### Exercise details
Your job is to set down the stretch of entries that opens with the line containing "Decenas de personas" and closes with the line containing "This display rack is designed". Keep both end lines, copy each exactly, and add nothing.
----- Materials provided
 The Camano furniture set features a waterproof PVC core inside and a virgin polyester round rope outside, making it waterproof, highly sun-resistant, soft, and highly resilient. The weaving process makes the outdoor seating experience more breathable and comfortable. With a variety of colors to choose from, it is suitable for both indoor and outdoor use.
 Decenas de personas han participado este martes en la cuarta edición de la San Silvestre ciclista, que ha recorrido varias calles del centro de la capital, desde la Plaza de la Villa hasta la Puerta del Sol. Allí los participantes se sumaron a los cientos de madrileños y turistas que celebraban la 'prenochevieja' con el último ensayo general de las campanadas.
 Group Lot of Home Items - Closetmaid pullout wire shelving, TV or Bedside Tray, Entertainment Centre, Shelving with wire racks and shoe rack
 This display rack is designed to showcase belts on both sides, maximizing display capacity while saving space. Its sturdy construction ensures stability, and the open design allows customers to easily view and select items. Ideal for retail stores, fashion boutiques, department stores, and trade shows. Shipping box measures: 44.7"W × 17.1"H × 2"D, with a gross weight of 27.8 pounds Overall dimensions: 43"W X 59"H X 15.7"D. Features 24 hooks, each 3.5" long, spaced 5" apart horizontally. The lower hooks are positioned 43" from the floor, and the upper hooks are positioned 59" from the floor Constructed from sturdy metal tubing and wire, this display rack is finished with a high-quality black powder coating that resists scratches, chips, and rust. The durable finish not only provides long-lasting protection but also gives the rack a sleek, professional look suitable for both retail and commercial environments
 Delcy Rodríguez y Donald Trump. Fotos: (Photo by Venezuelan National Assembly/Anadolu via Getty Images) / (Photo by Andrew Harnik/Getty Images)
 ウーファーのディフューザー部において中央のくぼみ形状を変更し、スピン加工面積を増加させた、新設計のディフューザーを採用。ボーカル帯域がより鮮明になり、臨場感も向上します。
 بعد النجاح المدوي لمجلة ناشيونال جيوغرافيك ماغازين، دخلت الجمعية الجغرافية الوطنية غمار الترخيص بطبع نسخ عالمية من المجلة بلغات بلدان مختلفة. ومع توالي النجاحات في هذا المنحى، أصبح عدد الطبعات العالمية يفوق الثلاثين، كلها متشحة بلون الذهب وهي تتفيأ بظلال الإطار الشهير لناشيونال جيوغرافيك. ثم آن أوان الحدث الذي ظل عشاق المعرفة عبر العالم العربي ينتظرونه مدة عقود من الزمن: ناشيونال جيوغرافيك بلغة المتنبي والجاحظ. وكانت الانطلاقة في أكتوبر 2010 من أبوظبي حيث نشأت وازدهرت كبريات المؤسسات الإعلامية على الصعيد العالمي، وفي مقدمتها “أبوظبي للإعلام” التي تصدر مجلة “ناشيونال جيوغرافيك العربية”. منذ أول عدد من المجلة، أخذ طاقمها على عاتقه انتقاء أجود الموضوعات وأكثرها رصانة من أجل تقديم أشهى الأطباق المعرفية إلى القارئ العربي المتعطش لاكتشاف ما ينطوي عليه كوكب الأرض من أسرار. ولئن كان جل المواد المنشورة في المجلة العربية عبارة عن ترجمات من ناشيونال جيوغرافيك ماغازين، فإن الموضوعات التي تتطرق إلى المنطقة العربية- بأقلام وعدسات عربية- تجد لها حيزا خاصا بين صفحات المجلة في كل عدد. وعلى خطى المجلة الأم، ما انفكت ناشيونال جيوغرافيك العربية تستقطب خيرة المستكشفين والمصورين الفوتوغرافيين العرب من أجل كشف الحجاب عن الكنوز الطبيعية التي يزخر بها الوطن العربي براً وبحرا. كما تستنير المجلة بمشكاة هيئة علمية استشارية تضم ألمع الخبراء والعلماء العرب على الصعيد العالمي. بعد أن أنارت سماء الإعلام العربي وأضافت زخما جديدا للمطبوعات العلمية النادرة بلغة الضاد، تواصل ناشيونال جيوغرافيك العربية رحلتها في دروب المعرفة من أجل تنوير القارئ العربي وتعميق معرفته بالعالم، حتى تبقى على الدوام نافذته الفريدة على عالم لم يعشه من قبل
----------
### Answer to this exercise
 Decenas de personas han participado este martes en la cuarta edición de la San Silvestre ciclista, que ha recorrido varias calles del centro de la capital, desde la Plaza de la Villa hasta la Puerta del Sol. Allí los participantes se sumaron a los cientos de madrileños y turistas que celebraban la 'prenochevieja' con el último ensayo general de las campanadas.
 Group Lot of Home Items - Closetmaid pullout wire shelving, TV or Bedside Tray, Entertainment Centre, Shelving with wire racks and shoe rack
 This display rack is designed to showcase belts on both sides, maximizing display capacity while saving space. Its sturdy construction ensures stability, and the open design allows customers to easily view and select items. Ideal for retail stores, fashion boutiques, department stores, and trade shows. Shipping box measures: 44.7"W × 17.1"H × 2"D, with a gross weight of 27.8 pounds Overall dimensions: 43"W X 59"H X 15.7"D. Features 24 hooks, each 3.5" long, spaced 5" apart horizontally. The lower hooks are positioned 43" from the floor, and the upper hooks are positioned 59" from the floor Constructed from sturdy metal tubing and wire, this display rack is finished with a high-quality black powder coating that resists scratches, chips, and rust. The durable finish not only provides long-lasting protection but also gives the rack a sleek, professional look suitable for both retail and commercial environments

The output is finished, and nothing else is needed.